I've been pretty outraged on a daily basis since January 2009 about the happenings in Washington D.C. Now I'm just sad for our country. What is happening now is the death of the chance for success. That is the “American Dream”; the CHANCE (not guarantee) to raise your lifestyle through dedicated hard work and innovation in any field of your choosing. The “American Dream” is NOT entitlement to free healthcare, housing, etc. It is NOT allowing congress to choose which companies must be saved, which the government should take over, and which companies and EVEN INDIVIDUALS to tax at confiscatory rates. This country is currently on a path that Ayn Rand depicted decades ago. A 90% tax (that members of BOTH parties voted for) on a select few individuals! A confiscatory power that president Obama is now seeking to extend to anything/anyone that our D.C. prima donnas don't like. After legislators ENABLED the behavior they feign outrage about by saving these failing companies in the first place! They are KILLING the wealth, dreams and motivation for anyone aspiring to be more and do more with their lives than merely subsist. Anyone that manages to make a good living is suspect.

Liberals and socialists would like to assume that most people operate from purely humanitarian motivations – that this is how it should be, but our country has proven in the last 230+ years that self-interest is the greatest motivator of the human spirit. This country rose to relative success in the world by refusing to deny that universal truth. Furthermore, self-interest is individual, and the freedom to pursue the goals that tickle our self-interest is another bedrock of our past success. Society cannot reasonably expect an individual to put their all into any task when the effort of their work is not met with some form of compensation that the worker finds acceptable. That is the beauty of money – its buying power allows you to reward yourself in an acceptable way for the job that you completed.

To change tracks due to personal interest, I’d like to predict the consequences of universal healthcare provided by the government. Like with government subsidized housing, costs will inflate as demand increases because going to the doctor is “free”, or at least “cheaper” after D.C. picks up some of the tab. Why go to the family physician in the morning when it costs the same to get fixed right now at the ER? Doctors will be expected to pay off hundreds of thousands in student loans in a payout system that doesn’t rise with inflation, but actually decreases from time to time because government has to squeeze them to help control costs. There will be fewer people that train for the minimum of 11 years to become physicians due to the lack of benefit from that training (that dirty self-interest thing again). After some years comes rationing of care. No, the legislators (not doctors) in charge of deciding what kind of care you can receive won’t come out and say that you’re too old, or the therapy you require is too expensive to be worth saving your life. Instead, they will make people jump through hoops to get their care. You can’t get your lung cancer treatment unless you’ve stopped smoking for at least a year. You can’t have more than one heart surgery every 10 years because it’s been “proven” to congress’ standards that you should be able to go at least 12 years if you had eaten right and lost that extra weight.

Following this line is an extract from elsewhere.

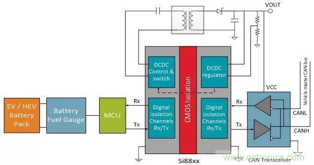 如圖3所示,這個簡化的BMS系統(tǒng)展示了在與一個EV子系統(tǒng)進行連接時信號和電源隔離的重要性。在大多數(shù)EV子系統(tǒng)中,CAN總線通過數(shù)字隔離與該子系統(tǒng)中的高壓隔離。現(xiàn)代數(shù)字隔離兩側(cè)各需要一個電源為隔離器供電(高壓域和低壓域)。該電源也可為連接到隔離器的其他設備供電,例如CAN總線收發(fā)器。
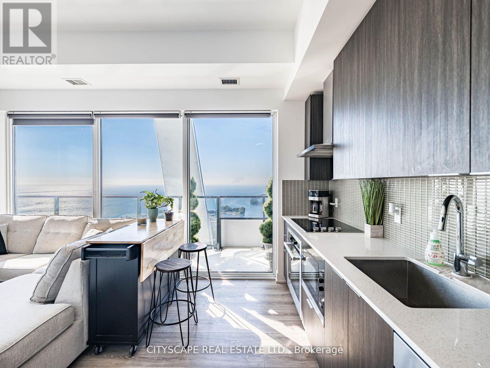 Welcome to Unit 4410 at Eau Du Soleil - a stunning 2 Bed, 2 Bath corner suite with breathtaking views of Lake Ontario, the Toronto Skyline, and CN Tower. Enjoy floor-to-ceiling windows, soaring ceilings, and a bright, open-concept layout designed to maximize natural light and the unmatched vistas. Modern kitchen with sleek finishes and built-in appliances flows into a spacious living/dining area and walk-out to your private balcony in the sky. Primary bedroom features large windows, closet, and a spa-like ensuite.Includes 1 parking, 1 locker, bike storage, a private cigar humidor locker & wine locker - rare and premium extras. Residents on the 44th floor and above enjoy exclusive access to a private party room/sky lounge with even more incredible views.Building offers 5-star amenities: saltwater pool, full gym, yoga studio, rooftop terrace, guest suites, 24-hr concierge & more. Steps to waterfront trails, parks, TTC, and minutes to downtown.Luxury Living Above the Clouds - This View Will Never Be Obstructed! (id:64974)

I know that there are people that don’t believe me, but just look at some of the news coming out of the U.K., our “model system” as touted by Tom Daschle. Good thing he didn’t get the Health and Human Services secretary position he was offered (tax cheat writing/voting for taxing legislation), but do you think the model will change? Yeah, let’s be just like the U.K. because they should be our model, not the other way around? Oh, and throw a little Chavez in there when we don’t like your business.

It’s all just so sad, as well as stressful that I’m going to have to find some place in the not too distant future to make a living doing what I love, and to MY standards. Hopefully it’s here, but then again, who is John Galt?